Open himanshunaidu opened 4 days ago
Special Considerations:
Dmytro Suggestion: While the user is mapping a sidewalk, we take user location into account. We use the user location and consider only those image segments for which the user location changed. We ignore those segments for which the user location changed, assuming that these segments were just captured on the side while mapping sidewalks (like segment 1 in the image)
Assuming that the user is going to capture a footway (e.g. sidewalk) in a straight line, create an algorithm that utilizes the segmentation history to map out the footway.
Note 1: As the simplest approach possible, we may end up using only the center point for each segment to create center lines between two consecutive segments each. Suggested by @NaturalStupidlty But in this approach, how will we capture width information? Would we use a running mean? Discussion on this is welcome.
2. It is possible that the user does not map out a footway in a continuous straight line. They could capture some other image in another location in between the sidewalk mapping.
Note 2: Dmytro's suggestion may be used for this special consideration.
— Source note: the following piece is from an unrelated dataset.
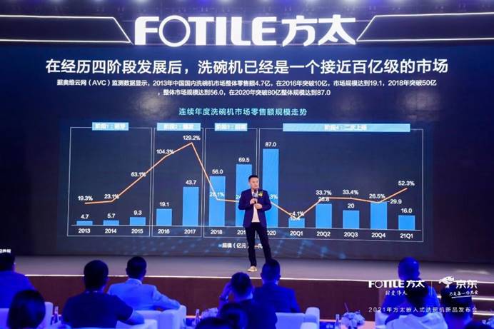奧維云網(wǎng)總裁郭梅德的發(fā)言中從整體家電大盤數(shù)據(jù)的宏觀角度切入,他強(qiáng)調(diào)洗碗機(jī)進(jìn)入中國(guó)市場(chǎng)已有二十多年,回顧洗碗機(jī)在中國(guó)市場(chǎng)的發(fā)展,大致可分為4個(gè)階段。2013年-2015年為萌芽階段,消費(fèi)者對(duì)洗碗機(jī)品類的認(rèn)知相對(duì)較淺,購(gòu)買廚電產(chǎn)品時(shí)更多關(guān)注基本需求,而非品質(zhì)需求。洗碗機(jī)在當(dāng)時(shí)屬于由外資主導(dǎo)的小眾產(chǎn)品;2015年起,洗碗機(jī)進(jìn)入爆發(fā)階段。當(dāng)時(shí)方太全球首發(fā)的水槽式洗碗機(jī),迅速激活國(guó)內(nèi)洗碗機(jī)市場(chǎng)。進(jìn)入2018年,洗碗機(jī)品類自身發(fā)展進(jìn)入瓶頸,加之房地產(chǎn)限購(gòu)政策影響,市場(chǎng)開(kāi)始回調(diào)。同時(shí),水槽式產(chǎn)品逐漸被嵌入式替代;2020年至今,受疫情推動(dòng),洗碗機(jī)進(jìn)入二次爆發(fā)階段。消費(fèi)者購(gòu)買傾向呈現(xiàn)套系化。消費(fèi)者流量雖下降,但客單量大幅提升。奧維云網(wǎng)(AVC)推總預(yù)測(cè)數(shù)據(jù)顯示,2020年臺(tái)式產(chǎn)品的短暫性爆發(fā)過(guò)渡到2021年后將不再延續(xù),21年洗碗機(jī)零售量將在20年基數(shù)上小幅回落至19.9%的增速,同時(shí)在規(guī)模方面因?yàn)?a href=http://m.13269526841.cn/ target=_blank class=infotextkey>價(jià)格改善,市場(chǎng)將首次突破100億。方太此次發(fā)布嵌入式洗碗機(jī)是對(duì)自身產(chǎn)品布局一次強(qiáng)有力的補(bǔ)位,更是彰顯著方太對(duì)未來(lái)超百億級(jí)市場(chǎng)絕對(duì)的信心和領(lǐng)導(dǎo)力。

This would however, lead to another edge case pointed out in the next Note.
3. Are we going to consider the following use case: While the user is mapping out a footway, in between, they end up capturing an image that contains another footway of the same class
Note 3: Down the line, this special consideration will especially become a problem with this approach.
We can use an approach with clusters of points to find the footways of the same type during different capturing scenarios while distinguishing different sidewalks. Every time when we consider a point in a footway we may include it in the footway or form another one based on its coordinates. If the point is far enough (depending on how far the user could move and the segmentation frame rate) we can just form another potential footway (and when or if it will have enough points to be considered a real footway, not a segmentation mistake we can send it to the database).
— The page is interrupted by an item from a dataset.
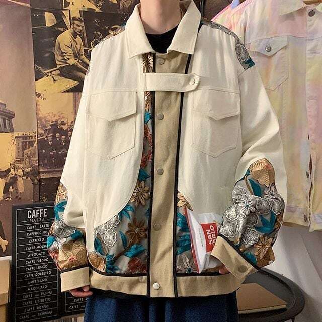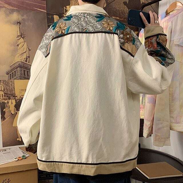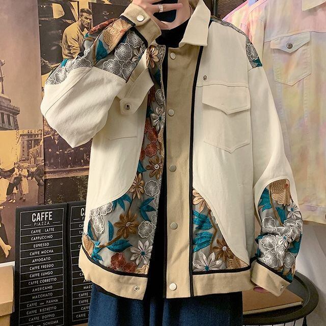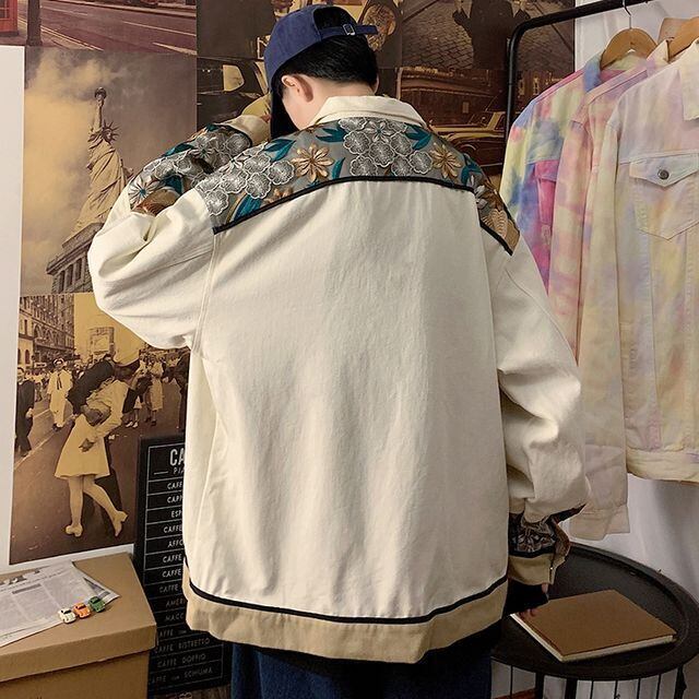 現品1点 Lサイズ ブルゾン メンズ アウター レトロ 刺繍 花柄

Collecting Sidewalk Network Data at Scale for Accessible Pedestrian Travel: https://dl.acm.org/doi/abs/10.1145/3441852.3476560
OASIS: Automated Assessment of Urban Pedestrian Paths at Scale: https://arxiv.org/pdf/2303.02287
Notes: https://www.notion.so/OASIS-Paper-analysis-00414a258c0547d8a1f1e47567866e71
Our app needs to enable users to map out footways such as sidewalks. Currently, we intend to be able to create center lines for each footway segment that is identified by the Computer Vision model. Based on the segment and its center line, we would also want to send data on the sidewalk width.